England’s Georgia Hall (67), Swede Madeline Sagstrom (68) and American Lizette Salas (69) shared second place at 11-under par.

Reading back, I think I have already mentioned six Scottish connections.

Moving to the Low Amateur salver; it went to 21-year-old West Kilbride-born Duncan.  Duncan, the reigning Women’s Amateur champ, went into the final found just as brilliant sunshine broke out over the famed Angus course with Duncan earning wild applause when she birdied the opening hole for a second day running.

Duncan, with her Stirling University coach and former Italian Open winning caddie, Scottish-born Dean Robertston on the bag, then produced seven pars before a bogey on nine. The young Scot then brilliantly birdied 10 and 11 before finishing her off her round bogey, par, bogey with the packed grandstands around the 18th rising to applaud Duncan.

She said: “I am really happy how I played and I could not be anymore proud of myself.
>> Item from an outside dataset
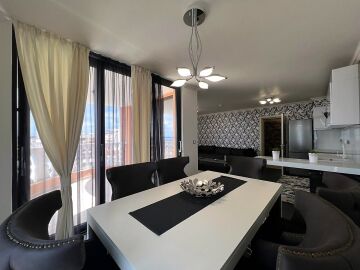 Апартаментът е стилно обзаведен, просторен и много функционален. Състои се от входно антре, всекидневна с кухненски бокс и кът за хранене, спалня, баня с тоалетна и тераса с красива панорамна гледка към морето.

I was a little disappointed in my finish and it’s a little to be expected but to shoot 72 is still a really good score.

“I was a wee bit nervous heading out today, and felt a bit sick but once I rolled-in that birdie putt on the first I felt really fine. Then coming down the last, I felt good and not nervous at all.  It’s just a shame I didn’t hole that par putt on the last.”

Duncan was assured the Low Amateur medal following the second round with two other amateurs in a field of five making the cut.   Her closest rival, Castlewarden’s Lauren Walsh finished eight strokes behind her.

Organisers were permitted to allow 8,000 fans to enter each day over the four days and all seemed to be around the 72nd green to welcome Duncan.

She said: “It did take some time over the early rounds to get used to all the spectators watching our matches, so I think it will stand me in good stead for next week’s Curtis Cup.”

Duncan will now join her GB&I Curtis Cup team-mates, including Hannah Darling, in teeing-up on the Conwy course in Wales.

If I’m correct I’ve managed 10 Scottish connections among the two welcomed to the prize-giving ceremony at the close of the 2021 AIG Women’s Open Championship. Time for a wee dram!